START INPUT FOR THIS TASK
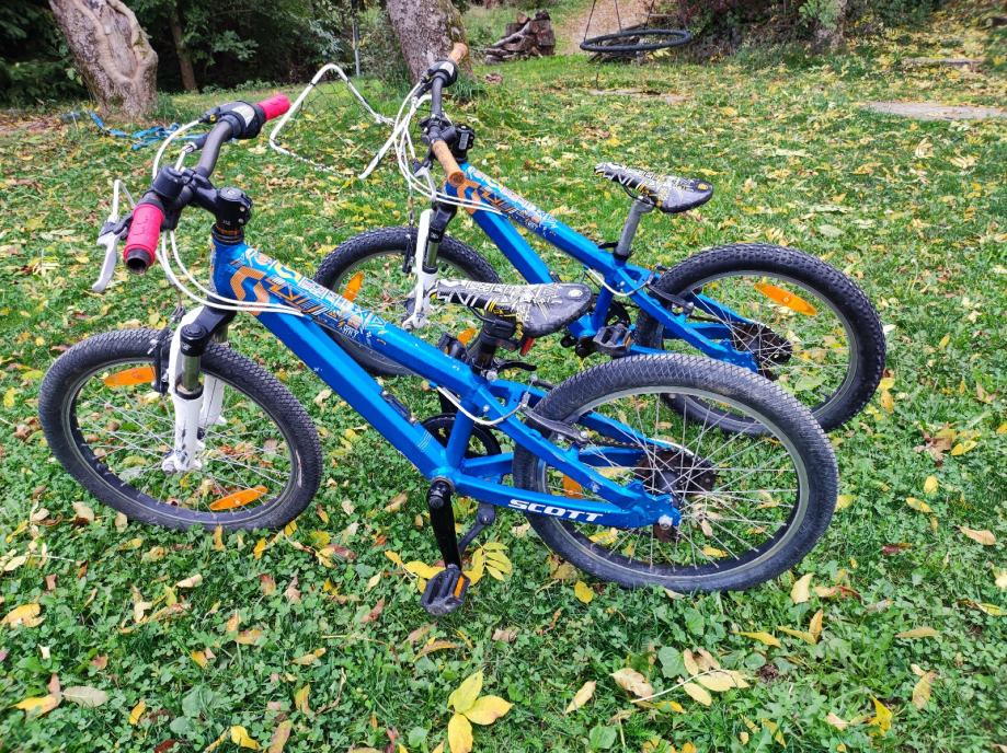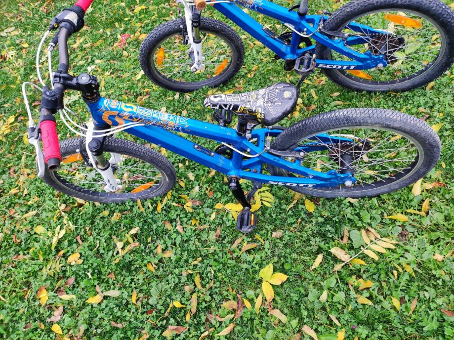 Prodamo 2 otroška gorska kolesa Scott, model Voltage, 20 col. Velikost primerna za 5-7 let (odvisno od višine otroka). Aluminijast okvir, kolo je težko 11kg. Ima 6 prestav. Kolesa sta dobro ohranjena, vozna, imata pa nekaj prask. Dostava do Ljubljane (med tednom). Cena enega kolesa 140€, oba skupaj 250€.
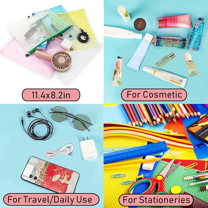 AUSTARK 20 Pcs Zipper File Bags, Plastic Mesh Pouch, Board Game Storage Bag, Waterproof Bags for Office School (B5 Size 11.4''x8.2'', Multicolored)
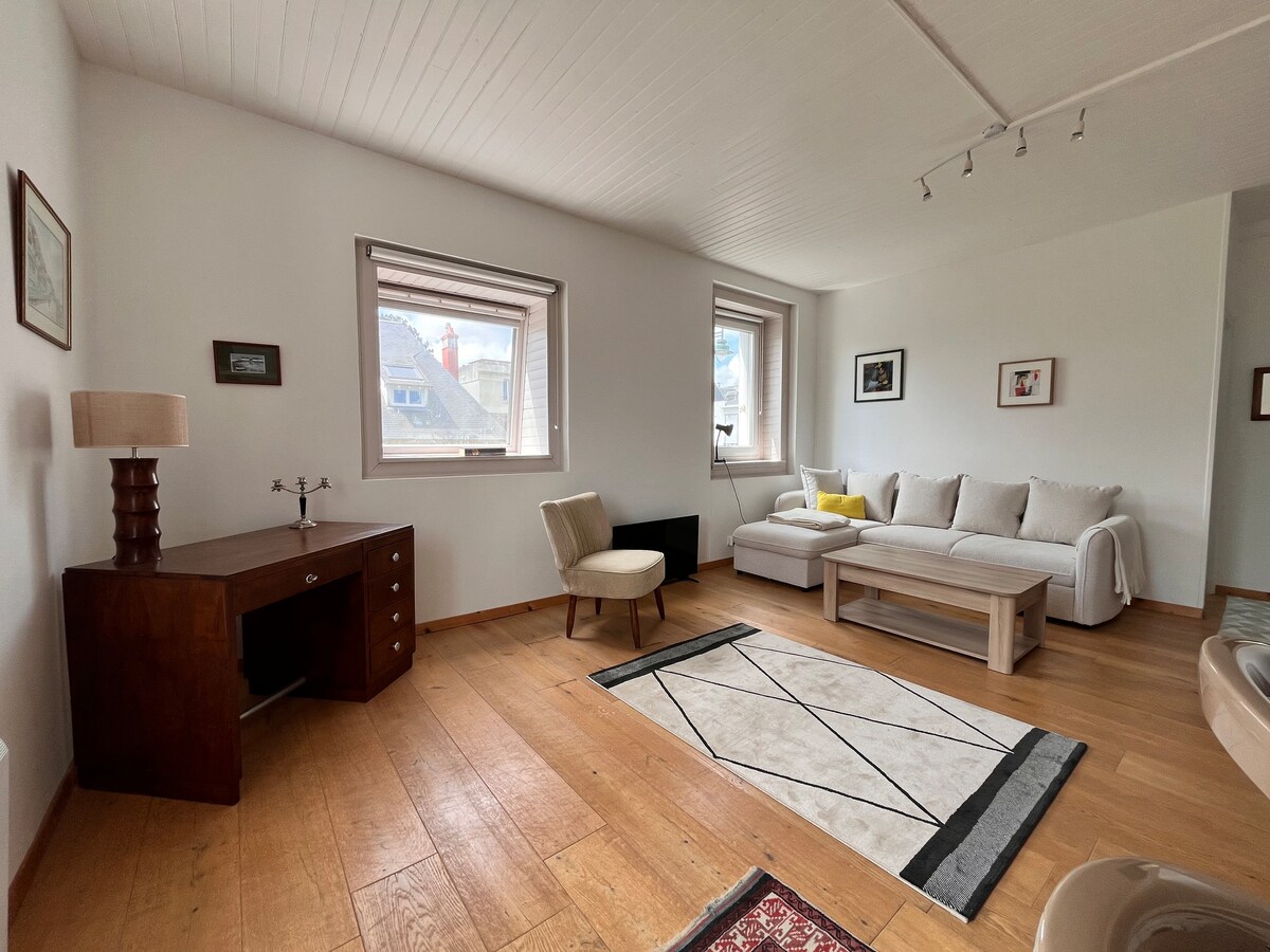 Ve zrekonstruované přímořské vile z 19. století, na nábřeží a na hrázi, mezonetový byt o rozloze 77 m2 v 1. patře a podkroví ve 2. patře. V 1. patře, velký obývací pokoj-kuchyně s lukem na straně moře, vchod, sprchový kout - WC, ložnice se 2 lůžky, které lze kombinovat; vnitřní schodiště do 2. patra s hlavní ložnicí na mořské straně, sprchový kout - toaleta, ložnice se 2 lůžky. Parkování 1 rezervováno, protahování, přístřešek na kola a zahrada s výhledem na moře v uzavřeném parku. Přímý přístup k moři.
END INPUT FOR THIS TASK
START INPUT FOR THIS TASK
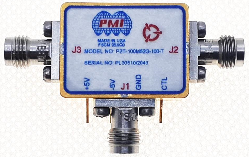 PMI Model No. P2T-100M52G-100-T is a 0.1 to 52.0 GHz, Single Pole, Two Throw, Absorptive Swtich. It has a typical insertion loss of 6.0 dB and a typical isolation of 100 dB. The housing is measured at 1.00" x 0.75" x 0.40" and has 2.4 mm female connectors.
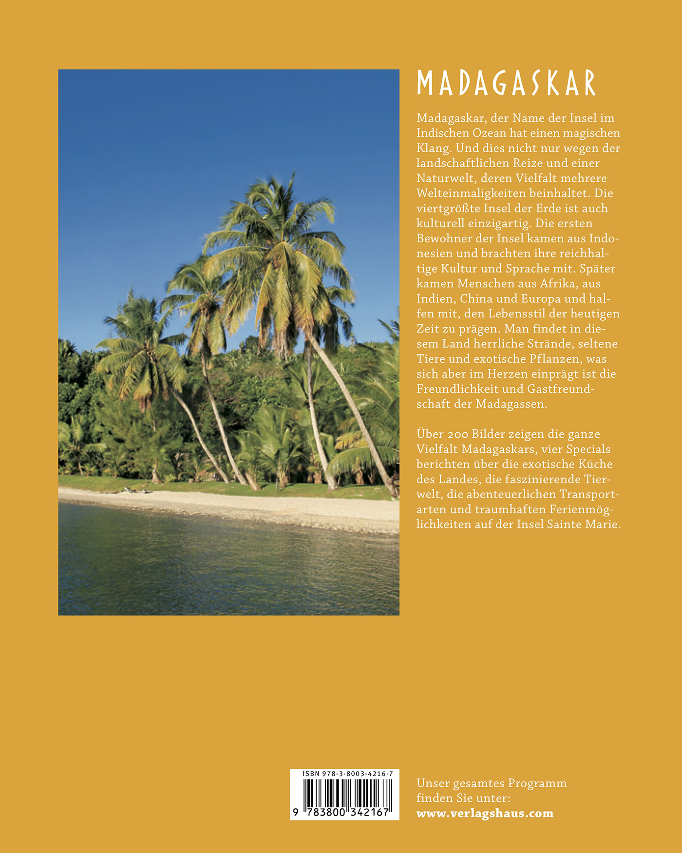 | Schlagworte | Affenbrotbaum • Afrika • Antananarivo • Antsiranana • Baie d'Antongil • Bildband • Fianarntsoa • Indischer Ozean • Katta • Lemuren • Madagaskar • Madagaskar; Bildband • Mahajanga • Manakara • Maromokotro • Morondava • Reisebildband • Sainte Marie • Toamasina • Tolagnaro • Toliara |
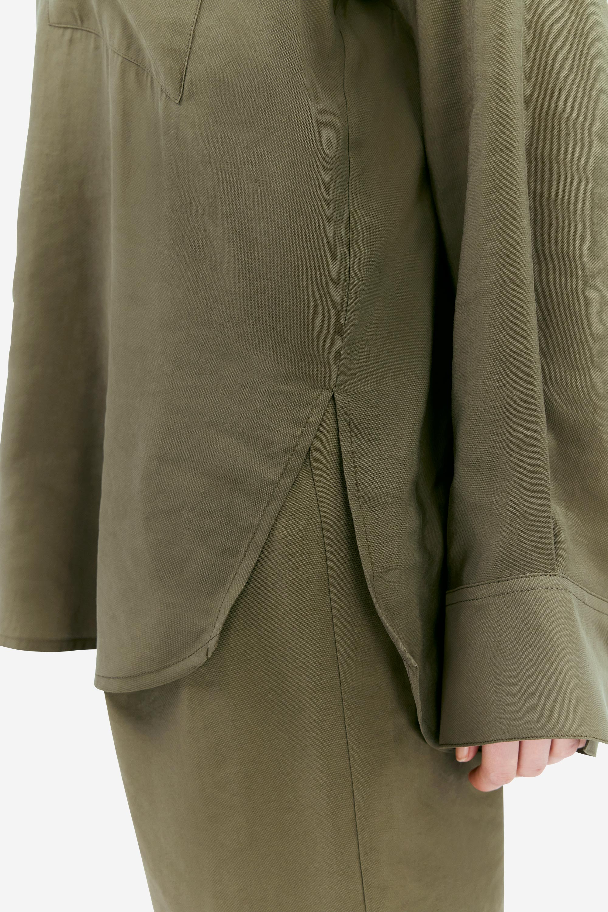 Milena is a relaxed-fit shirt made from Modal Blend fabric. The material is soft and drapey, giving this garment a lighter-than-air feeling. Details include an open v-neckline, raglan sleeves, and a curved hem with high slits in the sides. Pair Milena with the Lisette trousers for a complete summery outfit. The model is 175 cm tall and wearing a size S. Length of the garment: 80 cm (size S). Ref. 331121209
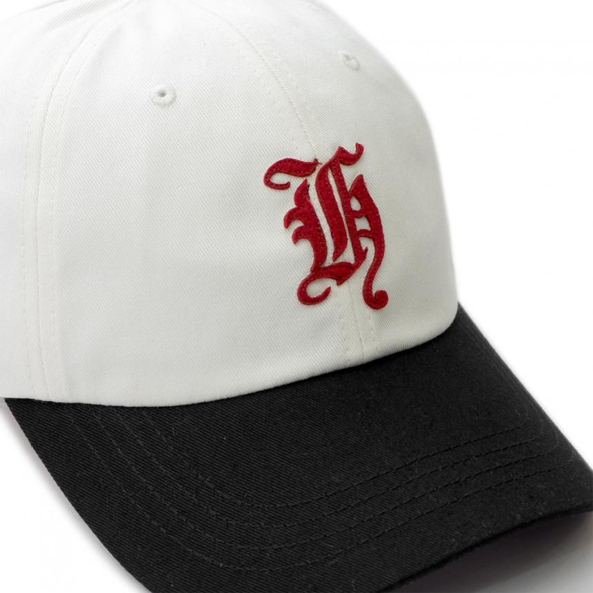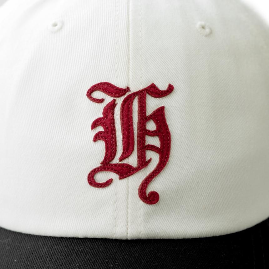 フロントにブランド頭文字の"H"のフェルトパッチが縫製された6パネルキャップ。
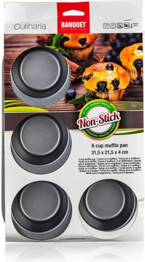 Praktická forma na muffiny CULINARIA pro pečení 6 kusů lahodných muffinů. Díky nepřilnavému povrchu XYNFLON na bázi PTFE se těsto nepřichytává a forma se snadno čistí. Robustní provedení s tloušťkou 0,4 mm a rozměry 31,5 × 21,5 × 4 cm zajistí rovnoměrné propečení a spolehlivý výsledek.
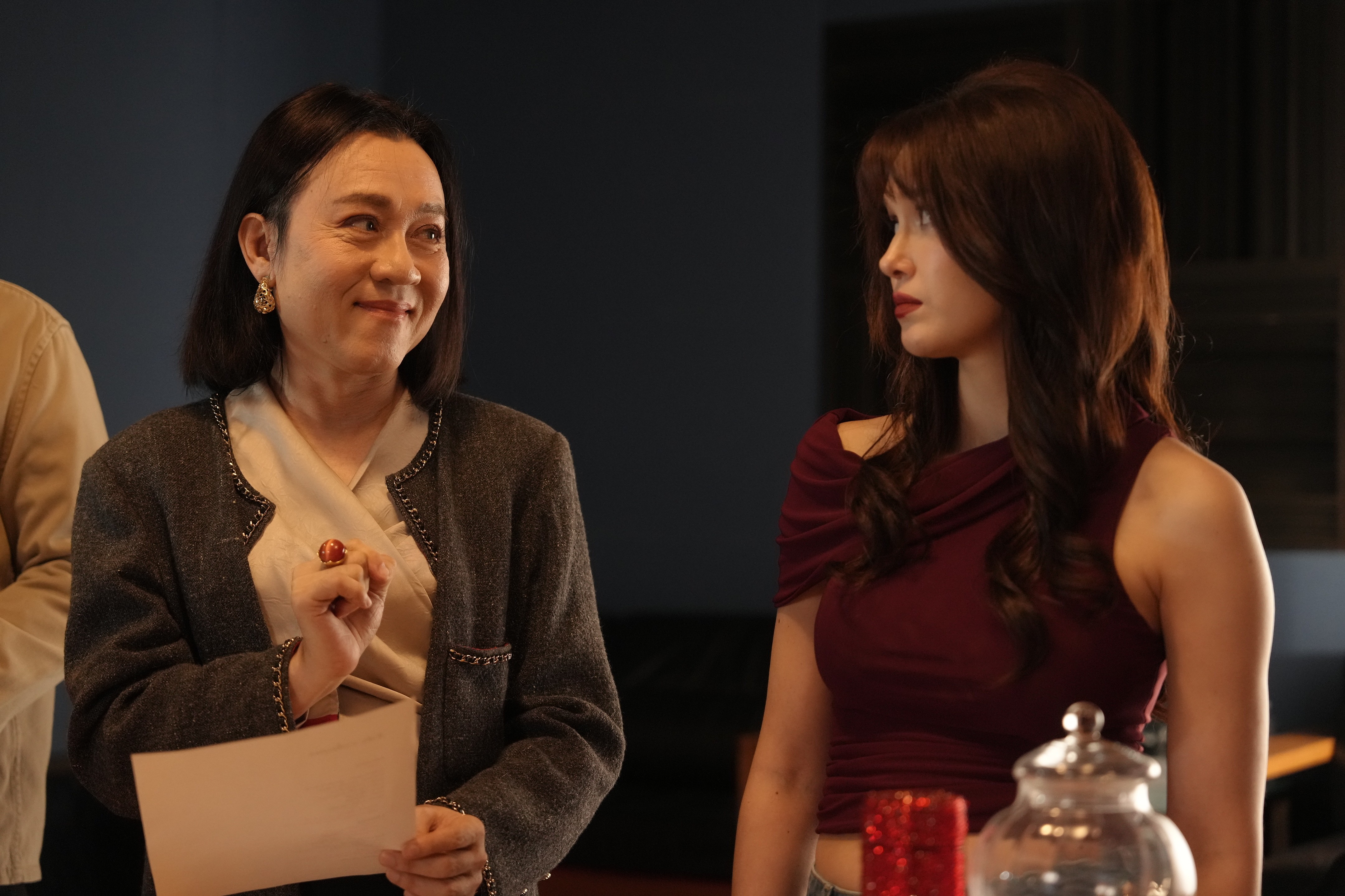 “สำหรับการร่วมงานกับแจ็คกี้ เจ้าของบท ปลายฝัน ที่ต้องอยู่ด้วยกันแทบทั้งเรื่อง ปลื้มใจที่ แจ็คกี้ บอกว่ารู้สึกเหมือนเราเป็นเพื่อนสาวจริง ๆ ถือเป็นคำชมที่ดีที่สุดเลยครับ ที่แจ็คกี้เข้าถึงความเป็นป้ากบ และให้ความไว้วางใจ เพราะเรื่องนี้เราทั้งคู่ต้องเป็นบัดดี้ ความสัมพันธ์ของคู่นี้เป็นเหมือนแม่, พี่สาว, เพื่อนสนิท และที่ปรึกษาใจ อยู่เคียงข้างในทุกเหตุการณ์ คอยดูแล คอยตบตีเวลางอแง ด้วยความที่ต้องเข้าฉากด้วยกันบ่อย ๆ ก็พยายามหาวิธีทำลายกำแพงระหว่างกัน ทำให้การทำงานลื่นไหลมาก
END INPUT FOR THIS TASK
START INPUT FOR THIS TASK
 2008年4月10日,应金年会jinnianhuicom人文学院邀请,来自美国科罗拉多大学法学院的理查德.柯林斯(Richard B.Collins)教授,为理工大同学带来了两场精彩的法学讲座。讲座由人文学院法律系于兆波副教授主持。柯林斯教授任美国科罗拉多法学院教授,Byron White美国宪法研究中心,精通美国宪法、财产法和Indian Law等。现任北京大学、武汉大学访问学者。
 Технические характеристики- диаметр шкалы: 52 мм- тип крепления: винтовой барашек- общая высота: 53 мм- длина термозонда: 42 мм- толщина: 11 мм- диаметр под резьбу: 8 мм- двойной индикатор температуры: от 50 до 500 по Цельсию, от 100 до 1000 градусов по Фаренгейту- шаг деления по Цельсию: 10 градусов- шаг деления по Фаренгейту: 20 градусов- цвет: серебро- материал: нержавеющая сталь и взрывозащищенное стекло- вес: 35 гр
END INPUT FOR THIS TASK
◆ **TASK TO CARRY OUT**
With the pictures omitted, restate word for word the lines above from the line that has "Praktická forma na" up to and including the line that has "ๆ ก็พยายามหาวิธีทำลายกำแพงระหว่างกัน ทำให้การทำงานลื่นไหลมาก", and no other lines.

◆ **EXERCISE RESPONSE**
 Praktická forma na muffiny CULINARIA pro pečení 6 kusů lahodných muffinů. Díky nepřilnavému povrchu XYNFLON na bázi PTFE se těsto nepřichytává a forma se snadno čistí. Robustní provedení s tloušťkou 0,4 mm a rozměry 31,5 × 21,5 × 4 cm zajistí rovnoměrné propečení a spolehlivý výsledek.
 “สำหรับการร่วมงานกับแจ็คกี้ เจ้าของบท ปลายฝัน ที่ต้องอยู่ด้วยกันแทบทั้งเรื่อง ปลื้มใจที่ แจ็คกี้ บอกว่ารู้สึกเหมือนเราเป็นเพื่อนสาวจริง ๆ ถือเป็นคำชมที่ดีที่สุดเลยครับ ที่แจ็คกี้เข้าถึงความเป็นป้ากบ และให้ความไว้วางใจ เพราะเรื่องนี้เราทั้งคู่ต้องเป็นบัดดี้ ความสัมพันธ์ของคู่นี้เป็นเหมือนแม่, พี่สาว, เพื่อนสนิท และที่ปรึกษาใจ อยู่เคียงข้างในทุกเหตุการณ์ คอยดูแล คอยตบตีเวลางอแง ด้วยความที่ต้องเข้าฉากด้วยกันบ่อย ๆ ก็พยายามหาวิธีทำลายกำแพงระหว่างกัน ทำให้การทำงานลื่นไหลมาก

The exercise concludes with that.